In a brief letter to Nature this week six researchers say that the time lag between scientific discoveries – particularly in the basic physical sciences – and Nobel Prizes to salute them is getting longer and longer. If this keeps up, they drily note, nobod will live long enough to receive a Nobel. Maybe the no-posthumous-award rule must be lifted. There are many plausible reasons for the trend. Maybe it is that there are so many more scientists these days, and discovery is such a group process, that singling out the best of the bunch – and narrowing credit to just three people – has gotten harder. But to argue that it is just the opposite, that the pace of discovery has gotten too slow, seems counterintuitive. One might think that it is easier to choose the best (or least bad) from a shorter list.

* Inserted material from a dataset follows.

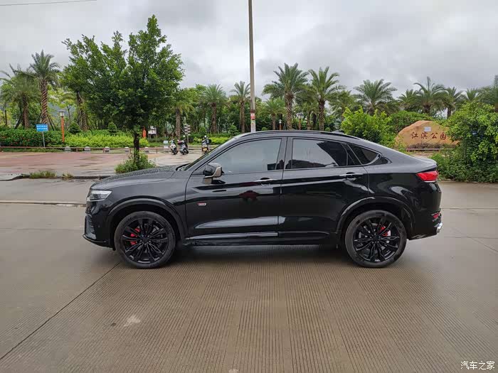 2、其次就是颜值,星越家族式水滴涟漪前脸,比普通的更加宽扁,红色线圈点缀,看着给人感觉更加运动,搭上锋箭日行灯+ADB矩阵大灯,就像一双大眼睛,看着粽粽有神,当初就是灰尘喜欢这大灯,超预算也要上顶配,星越溜背造型,酷似宝马X6,车身整体看着线条流畅,溜背自然美观,黄金夹角45度,风阻0.0325!整个车身看着完美,让我越看越喜欢哈!现在生活离不开星越了!

No science journalist is happier with the result than a certain amiable and imaginative fellow at New Jersey's Stevens Institute of Technology. He was for years an enterprising reporter and columnist for Scientific American back in the 80s and 90s. There his biggest hit was a book, "The End of Science." He argued that scientists have already figured out most of the essentials of how the universe works. After all, if something is discovered or understood, the list of unknown or unexplained things gets shorter. It's like peak oil. Only so much. But whether we're near the end is hard to tell. It really was a marvelous book. I never really bought into his thesis as something he deep down believed. But it was a terrifically provocative, some say outrageous, question: "Do you think science is over?" He knocked on the doors of some of the most famous scientists in the world. He asked. They nearly all said no way in hell is it over. There is plenty left. Several got so steamed that, well, their retorts made for a very enjoyable book.

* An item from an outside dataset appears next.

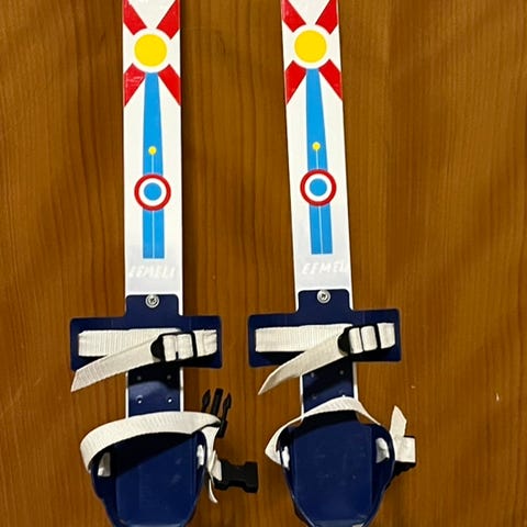 Myydään kenkiin kiinnitettävät 120 cm pitkät sukset ja 85 cm sauvat

Here is his response to news on the wait time for a ticket to Stockholm:
- National Geographic News – John Horgan: Opinion: Science Is Running Out of Things to Discover / The advancing age when Nobelists receive their prizes could suggest fewer breakthroughs are waiting to happen ;
Horgan is a good man to spend some time with around an outdoor fire (did that once with him at, I am quite sure it was, Times-man George Johnson's house in Santa Fe). He lives on the slightly gonzo side of life, looking at things from angles I'd not have thunk up. He tells great stories with disarming charm. In that vein he prefaces this fresh and self-congratulatory column this way, "Call it confirmation bias…." Indeed, I'd say so. Then he says the new observation of the growing tendency of Nobelists to be in their dotage when they get the call with a Swedish accent is one more sign that "science – especially fundamental physics -.. is running out of gas, just as I predicted in my 1996 book The End of Science." That's an as-written quote including the hyperlink. He refers to an unpublished paper by the Nature letter's authors that says they agree with him that the delay may imply a decay in physics. He also and fairloy refers to a counter argument from the fine Cambridge astronomer Martin Rees, who attributes it to a backlog of qualified people. Perhaps Horgan and Reese are both correct. After all, if nearly all that physics (chemistry ditto) has left are iterative discoveries, there always have been far more of those than true groundbreakers. That makes for a longer list. Horgan also concedes that the latest to the lineup may get it quite soon: Guth and Linde and whoever best represents the team that with a gorgeous South Pole telescope apparently found inflation's gravity-wave signature in the sky's cosmic microwave background.
At least physicists still have dark matter and dark energy to figure out. Then there's the string hypothesis, looking for data that would make it a theory. Extra dimensions. Wormholes to other universes. Axions. ETI. Unknown unknowns. Gotta be.
Good column, well told, Horgan.
A few other outlets picked up this news:
- USA Today – Traci Watson: Dying for a Nobel? Winners snag prizes at older ages.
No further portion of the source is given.